Selain sanksi tegas sebagai ASN yang tak beretika itu tambah Lukman, pihaknya bakal melaporkan kasus tersebut ke pihak Kepolisian Polres Pandeglang. Bahkan katanya, tadi malam (Kamis) ia sudah ke jajaran Reskrim Polres Pandeglang, hanya saja ia belum melengkapi berkas-berkas.

“Sebetulnya saya sudah mendatangi Satreskrim Polres Pandeglang untuk melaporkan kasus ini, hanya saja kami belum melengkapi berkas-berkas laporan dan akhirnya kami tunda dulu. Jika sudah lengkap, kami bakal langsung melaporkannya kembali,” jelasnya.

Lukman menegaskan kembali, bahwa pihaknya bakal terus mengawal kasus itu hingga dapat dituntaskan sesuai hukum yang berlaku di negara ini.

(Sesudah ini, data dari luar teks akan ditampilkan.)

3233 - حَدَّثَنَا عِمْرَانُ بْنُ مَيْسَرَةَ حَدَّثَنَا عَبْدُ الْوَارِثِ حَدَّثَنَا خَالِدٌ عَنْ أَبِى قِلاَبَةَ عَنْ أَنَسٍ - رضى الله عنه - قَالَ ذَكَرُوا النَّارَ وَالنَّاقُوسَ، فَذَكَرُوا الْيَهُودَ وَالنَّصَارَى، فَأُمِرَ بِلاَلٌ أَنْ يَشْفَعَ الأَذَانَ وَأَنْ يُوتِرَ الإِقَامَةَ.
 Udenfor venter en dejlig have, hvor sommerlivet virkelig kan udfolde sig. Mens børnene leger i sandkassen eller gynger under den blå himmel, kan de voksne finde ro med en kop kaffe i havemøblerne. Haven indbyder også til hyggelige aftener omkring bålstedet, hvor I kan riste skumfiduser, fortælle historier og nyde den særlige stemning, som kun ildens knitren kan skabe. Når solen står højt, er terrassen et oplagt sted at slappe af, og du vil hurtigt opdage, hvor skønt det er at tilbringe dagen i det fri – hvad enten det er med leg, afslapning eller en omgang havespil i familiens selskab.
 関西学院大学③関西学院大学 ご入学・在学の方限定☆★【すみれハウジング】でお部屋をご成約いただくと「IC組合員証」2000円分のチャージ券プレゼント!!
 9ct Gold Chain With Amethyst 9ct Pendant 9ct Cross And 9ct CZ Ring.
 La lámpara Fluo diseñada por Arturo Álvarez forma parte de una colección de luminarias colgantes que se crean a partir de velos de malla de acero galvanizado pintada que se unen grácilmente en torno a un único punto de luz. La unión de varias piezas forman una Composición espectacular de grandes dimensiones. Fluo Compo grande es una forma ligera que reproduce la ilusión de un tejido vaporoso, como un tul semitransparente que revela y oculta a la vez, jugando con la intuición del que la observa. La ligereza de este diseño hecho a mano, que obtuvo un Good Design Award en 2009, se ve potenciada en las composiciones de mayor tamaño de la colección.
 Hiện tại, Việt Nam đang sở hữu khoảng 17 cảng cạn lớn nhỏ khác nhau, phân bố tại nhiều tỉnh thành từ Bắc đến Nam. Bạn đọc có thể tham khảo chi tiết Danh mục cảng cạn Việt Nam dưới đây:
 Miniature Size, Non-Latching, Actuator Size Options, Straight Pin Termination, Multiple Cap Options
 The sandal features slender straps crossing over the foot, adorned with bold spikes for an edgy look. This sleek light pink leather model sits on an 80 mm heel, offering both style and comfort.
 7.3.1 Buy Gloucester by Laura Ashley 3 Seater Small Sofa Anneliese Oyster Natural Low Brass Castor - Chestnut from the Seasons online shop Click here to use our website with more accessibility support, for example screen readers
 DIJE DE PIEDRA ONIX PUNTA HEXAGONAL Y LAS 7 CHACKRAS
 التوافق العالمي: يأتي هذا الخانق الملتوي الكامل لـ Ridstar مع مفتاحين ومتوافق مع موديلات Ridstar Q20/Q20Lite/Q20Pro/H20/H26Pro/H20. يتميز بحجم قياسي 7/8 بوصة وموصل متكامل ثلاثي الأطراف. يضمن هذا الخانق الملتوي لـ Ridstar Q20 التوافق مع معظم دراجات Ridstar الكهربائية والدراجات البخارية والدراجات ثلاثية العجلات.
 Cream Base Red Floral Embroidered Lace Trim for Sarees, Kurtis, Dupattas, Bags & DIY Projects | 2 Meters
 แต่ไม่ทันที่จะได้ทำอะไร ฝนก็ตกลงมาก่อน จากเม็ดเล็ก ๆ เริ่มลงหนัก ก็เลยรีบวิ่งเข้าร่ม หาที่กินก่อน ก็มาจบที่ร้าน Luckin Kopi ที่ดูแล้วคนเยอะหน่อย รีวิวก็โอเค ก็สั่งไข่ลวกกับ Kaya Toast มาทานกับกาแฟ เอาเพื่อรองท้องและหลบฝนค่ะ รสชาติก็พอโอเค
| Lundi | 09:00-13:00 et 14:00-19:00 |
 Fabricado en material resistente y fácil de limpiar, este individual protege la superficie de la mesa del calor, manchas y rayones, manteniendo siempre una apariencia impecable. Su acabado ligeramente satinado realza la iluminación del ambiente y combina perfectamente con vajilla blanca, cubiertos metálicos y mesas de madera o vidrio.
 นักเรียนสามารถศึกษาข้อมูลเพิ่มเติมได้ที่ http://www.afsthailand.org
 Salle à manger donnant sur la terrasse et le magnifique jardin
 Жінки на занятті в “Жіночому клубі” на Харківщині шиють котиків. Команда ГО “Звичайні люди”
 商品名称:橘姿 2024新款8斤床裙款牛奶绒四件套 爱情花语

Karena sudah jelas menurutnya, status yang dibuat oleh oknum ASN itu menghina dan melecehkan Banser se Indonesia.

“Saya akan sikapi sampai tuntas, jelas dia (Rahmat) harus mempertanggugjawabkannya. Karena apa yang dituliskannya itu selain menyakiti hati kami dengan hinaannya, kami juga menduga ada upaya mengadudomba kami dengan sahabat-sahabat kami yang ada di Papua. Jelas hal ini tidak boleh dibiarkan,” pungkasnya.

Kasat Reskrim Polres Pandeglang, AKP DP. Ambarita membenarkan, semalam pihak GP Ansor Pandeglang telah menghadap jajarannya untuk melaporkan kasus tersebut.

“Iya semalam ke Reskrim, dan hari ini juga infonya mau ke reskrim lagi untuk melaporkan kasus tersebut. Nanti ya kalau sudah lapor, kami bakal jelaskan,” katanya singkat.

Sementara, sampai diterbitkannya berita ini, Rahmat Zultika belum bisa dikonfirmasi karena keberadaannya sedang menunaikan ibadah haji di Makkah.